▶ [Action item] Once the pictures are removed, restate the data below word for word.

▶ [Data]
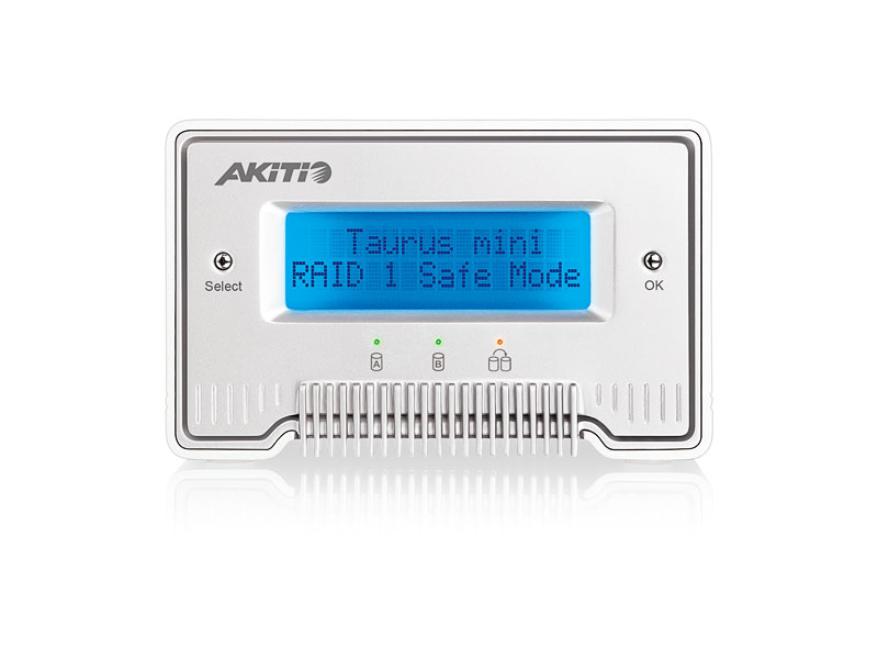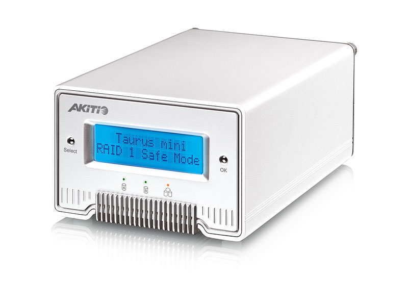The Taurus Mini offers high performance with RAID 0 as well as secure data protection with RAID 1, a versatile interface for high speed data transfers and a built-in LCD display for the configuration of the device as well as the display of event messages. The 2.5" SATA hard drives can be replaced easily due to the removable tray system and the drives are kept cool by the extra large heat sink.
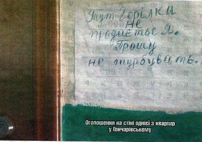 У магазинах, що в Гончарівському, заборона: не можна продавати горілку хлопцям у військовій формі. Деякі мешканці біля своїх квартир порозвішували білі аркуші з написами: «Тут горілка не продається. Прошу не турбувать». Скільки б не говорили про заборону «точок», та люди йдуть. Кажуть: для продавців зеленого змія зараз зірковий час. Цінова політика така: самогонка до 40 гривень за півлітра, розведений спирт — самий ходовий товар, від 25 до 30 за півлітра.
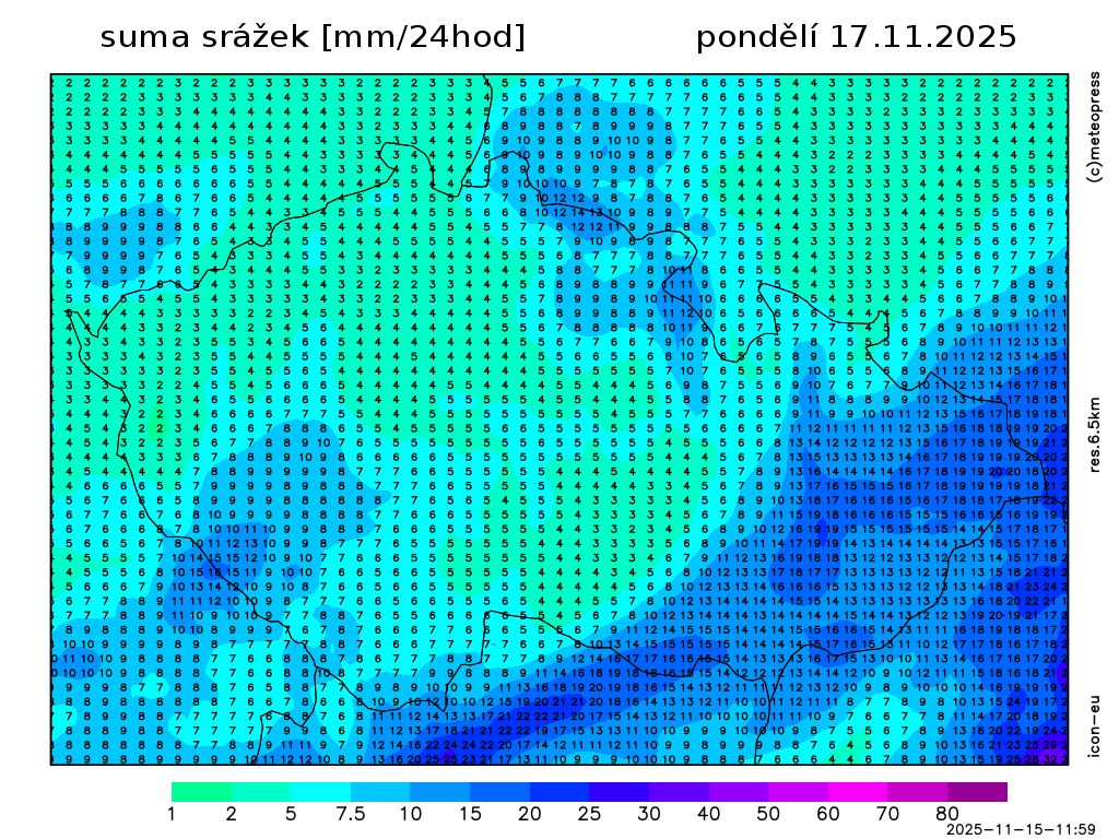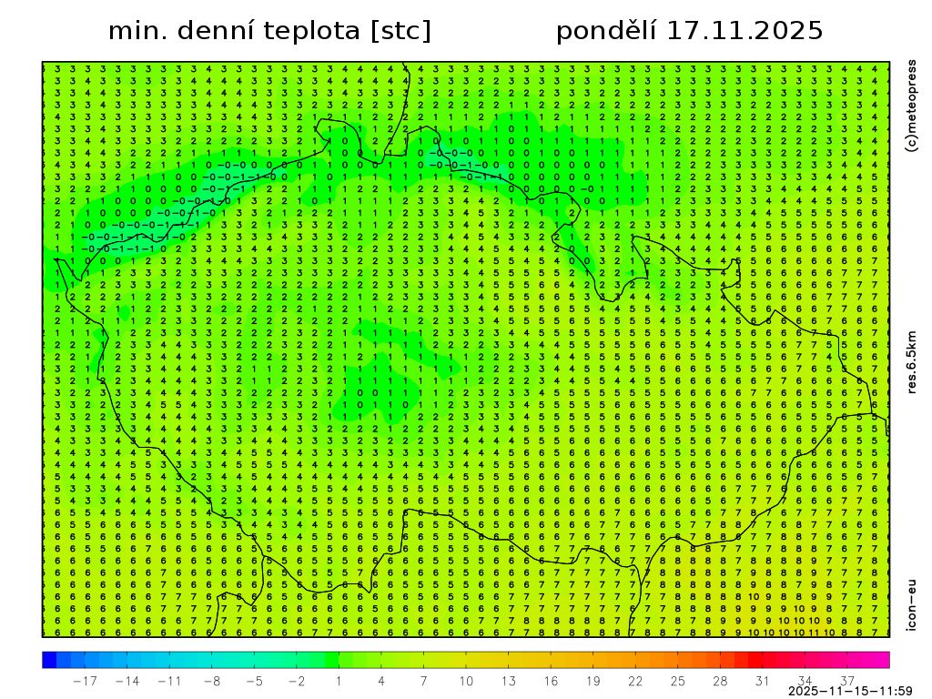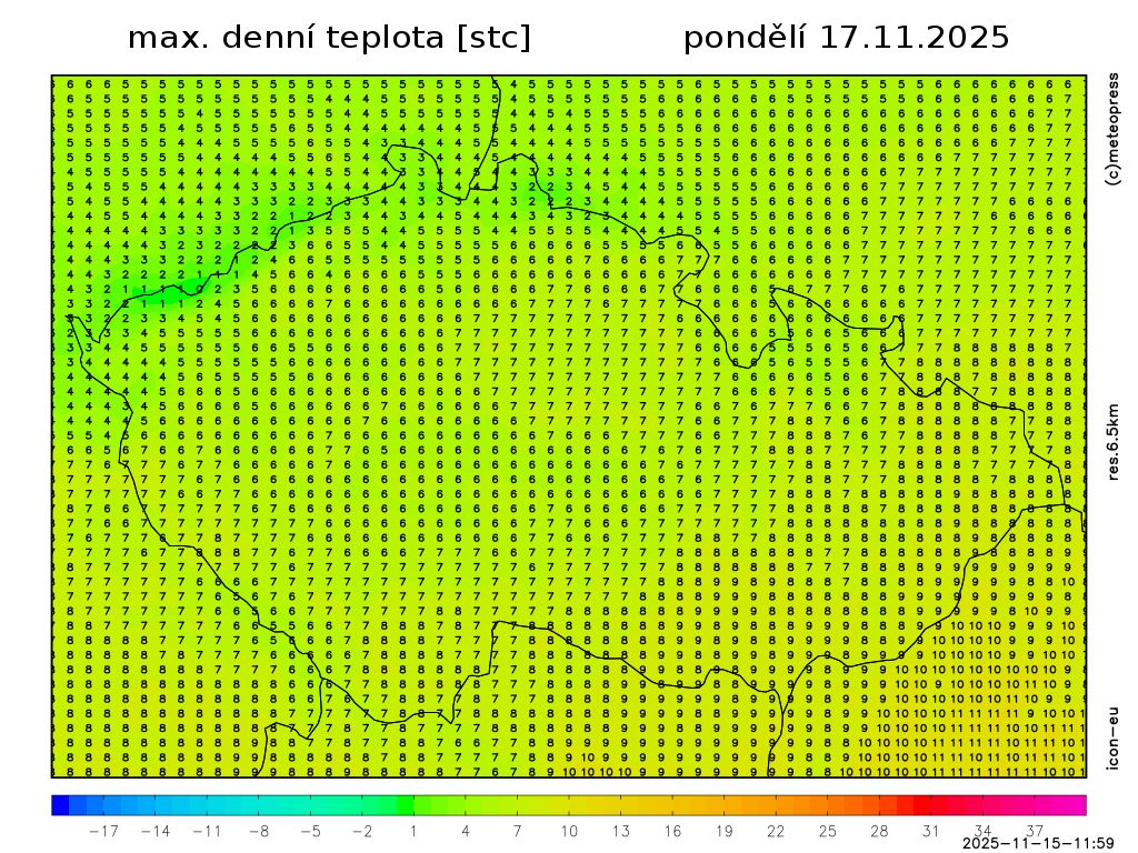 Nejvyšší denní teploty vystoupí na 2 až 6 °C, na východě ještě zprvu naměříme okolo 9 °C. Teplota v 1000 m na horách kolem 0 °C. Slabý až mírný severozápadní vítr.

▶ [Task response]
The Taurus Mini offers high performance with RAID 0 as well as secure data protection with RAID 1, a versatile interface for high speed data transfers and a built-in LCD display for the configuration of the device as well as the display of event messages. The 2.5" SATA hard drives can be replaced easily due to the removable tray system and the drives are kept cool by the extra large heat sink.
 У магазинах, що в Гончарівському, заборона: не можна продавати горілку хлопцям у військовій формі. Деякі мешканці біля своїх квартир порозвішували білі аркуші з написами: «Тут горілка не продається. Прошу не турбувать». Скільки б не говорили про заборону «точок», та люди йдуть. Кажуть: для продавців зеленого змія зараз зірковий час. Цінова політика така: самогонка до 40 гривень за півлітра, розведений спирт — самий ходовий товар, від 25 до 30 за півлітра.
 Nejvyšší denní teploty vystoupí na 2 až 6 °C, na východě ještě zprvu naměříme okolo 9 °C. Teplota v 1000 m na horách kolem 0 °C. Slabý až mírný severozápadní vítr.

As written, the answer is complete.